Figure 1 shows the time course of changes in expression of IL-6 protein in lung homogenates. Both the upper left lung and the right lung were evaluated in naive WT (n = 6) and KO (n = 3) mice and in WT mice 4 h, 1 day, and 7 days (n = 5/time point) after LPAL. IL-6 protein was significantly greater in the left lung than in the right lung at 4 h (P < 0.05). Additionally, the left lung showed increased expression at the 4-h time point relative to all other lung samples (P < 0.05). There were no differences in IL-6 protein expression in left or right lungs of naive WT or KO mice compared with all other right lungs (P > 0.05).
MIP-2 protein after LPAL.
To confirm the previously reported increase in MIP-2 expression in this model (31) and its expression in IL-6 KO lungs, we measured MIP-2 protein in upper left lung and right lung homogenates in additional WT (n = 8) and IL-6 KO (n = 8) mice at 4 and 24 h after LPAL. Because there were no statistical differences in MIP-2 protein expression between the 4- and 24-h left lung samples, values for the two time points were grouped together and averaged (Table 1). No statistical differences were noted in left lung MIP-2 protein expression between WT and IL-6 KO mice after LPAL (P = 0.622). However, all left lungs demonstrated increased MIP-2 protein expression compared with their paired right lungs (P = 0.005).
We performed a preliminary series of experiments in mice comparing inflammatory cell profiles of the bronchoalveolar lavage fluid of the left lung in sham-operated animals and WT mice with LPAL (n = 3 mice/time point) at 4 and 8 h and 1, 2, 3, 5, 7, and 14 days after surgery. This series demonstrated a significant increase in total lavaged cells in mice after LPAL relative to sham animals (Fig. 2; P < 0.05). Based on this preliminary information, we selected specific time points (4 h and 1, 7, and 14 days) to study left lung lavage cell profiles in a larger series of WT (6–10 mice/time point) and IL-6 KO (6–8 mice/time point) mice after LPAL. There was no difference in the total number of lavaged cells recovered in naive WT and naive KO (4 × 104 cells/ml). After LPAL, the total number of lavaged inflammatory cells overall was significantly decreased in IL-6 KO relative to WT as observed in Fig. 2 (P = 0.02). Specifically, lavaged neutrophils were different between the two groups of mice. Figure 3 shows these results. Naive WT and IL-6 KO mice did not differ in neutrophils as a percent of total cells (P = 0.58). However, after LPAL, WT mice demonstrated a significant increase in the percent of neutrophils in left lung lavage compared with IL-6 KO mice (P = 0.001). Specifically, 4 h after LPAL, the percent neutrophils was significantly greater in WT than IL-6 KO mice (P < 0.01) and greater than at all other left lung time points (P < 0.05). Further cell differential analysis showed no difference in the percent of monocytes/macrophages in naive WT and KO mice (average: 94%; P = 0.84) or lymphocytes (average: 2–3%; P = 0.64). After LPAL, a small decrease in the percent monocytes/macrophages was observed in WT mice at 4 h relative to KO (average: 90 vs. 96%; P < 0.01). The percent lavaged lymphocytes did not differ between WT and KO mice at any of the measured time points. Lavage volume recovered did not differ between WT (842 ± 10 μl) and KO (817 ± 17 μl; P = 0.19).

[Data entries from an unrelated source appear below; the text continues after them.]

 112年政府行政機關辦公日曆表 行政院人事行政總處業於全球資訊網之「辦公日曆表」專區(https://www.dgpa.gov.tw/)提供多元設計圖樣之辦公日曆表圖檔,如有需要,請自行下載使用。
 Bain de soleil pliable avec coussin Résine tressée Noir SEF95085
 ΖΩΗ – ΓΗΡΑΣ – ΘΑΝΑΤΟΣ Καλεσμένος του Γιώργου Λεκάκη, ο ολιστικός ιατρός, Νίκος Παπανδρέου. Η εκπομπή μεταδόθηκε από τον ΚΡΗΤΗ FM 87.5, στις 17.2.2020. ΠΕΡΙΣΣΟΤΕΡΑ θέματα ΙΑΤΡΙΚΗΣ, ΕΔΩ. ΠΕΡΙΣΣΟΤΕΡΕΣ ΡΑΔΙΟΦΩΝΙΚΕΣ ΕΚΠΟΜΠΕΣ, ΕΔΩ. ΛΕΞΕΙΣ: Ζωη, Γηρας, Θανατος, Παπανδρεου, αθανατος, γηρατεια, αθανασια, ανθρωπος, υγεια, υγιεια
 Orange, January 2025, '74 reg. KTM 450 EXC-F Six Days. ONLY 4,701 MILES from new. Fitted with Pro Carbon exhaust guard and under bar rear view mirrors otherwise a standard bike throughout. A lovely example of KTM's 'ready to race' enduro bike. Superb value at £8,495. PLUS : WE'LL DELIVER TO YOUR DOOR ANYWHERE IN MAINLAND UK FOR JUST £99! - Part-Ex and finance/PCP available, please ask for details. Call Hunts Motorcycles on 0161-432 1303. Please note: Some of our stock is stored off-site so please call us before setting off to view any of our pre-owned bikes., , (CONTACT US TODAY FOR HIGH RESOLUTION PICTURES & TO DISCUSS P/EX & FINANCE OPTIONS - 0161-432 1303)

New systemic vessel growth to the left lung after LPAL was quantified using radiolabeled microspheres injected into the systemic circulation. Fourteen days after LPAL, blood flow to the left lung of WT mice averaged 1.9 ± 0.4% of cardiac output. New systemic blood flow to the left lung of IL-6 KO mice was significantly reduced (0.7 ± 0.1% cardiac output) relative to WT (P = 0.004). Figure 4 shows the blood flow measurements in each mouse studied. There were no significant differences in blood flow to any of the other organs evaluated between WT and KO mice (P > 0.05).
Anti-neutrophil antibody treatment.
Anti-neutrophil treatment had a significant effect on reducing total circulating leukocytes (3.1 × 104 vs. IgG control: 4.8 × 104; P = 0.05) in the animals overall. The treatment effectively reduced the number of lavaged neutrophils (Fig. 5). After 4 h of LPAL, mice treated with anti-neutrophil antibody showed a significant reduction in lavaged neutrophils compared with IgG control mice (P = 0.003). Similar to the previous groups, 4 h after LPAL, IgG control mice showed an increase in lavaged neutrophils relative to treated sham (n = 2; P < 0.01) and 1-day-treated mice (P < 0.001). Combining the results from mice from both time points after LPAL for the two treatment groups (n = 9 mice/group), no difference in total lavaged leukocytes was observed in anti-neutrophil antibody-treated mice (3.6 × 104 vs. 4.6 × 104 in IgG controls; P = 0.39) or lavaged lymphocytes (0.5 vs. 0.8% in IgG controls; P = 0.26). However, a small difference was observed in the number of lavaged monocytes/macrophages (99 vs. 97% in IgG controls; P = 0.01).
In mice undergoing either IgG control treatment or anti-neutrophil antibody before LPAL, a significant increase in IL-6 protein expression was measured after 4 h relative to right lungs (P < 0.01; Fig. 6). This increase did not differ in the left lungs of these two treatment groups from the original series of WT left lungs presented in Fig. 1 (P = 0.76). Furthermore, the right lungs of each of the three groups did not differ in their IL-6 protein expression 4 h after LPAL (P = 0.39). New systemic blood flow to the left lung 14 days after LPAL in WT mice treated with either anti-neutrophil antibody (n = 6 mice) or IgG (n = 6 mice) did not differ from WT mice (P = 0.49). Average blood flow for mice treated with anti-neutrophil antibody was 2.3 ± 0.8% cardiac output and IgG control mice averaged 2.9 ± 0.7%.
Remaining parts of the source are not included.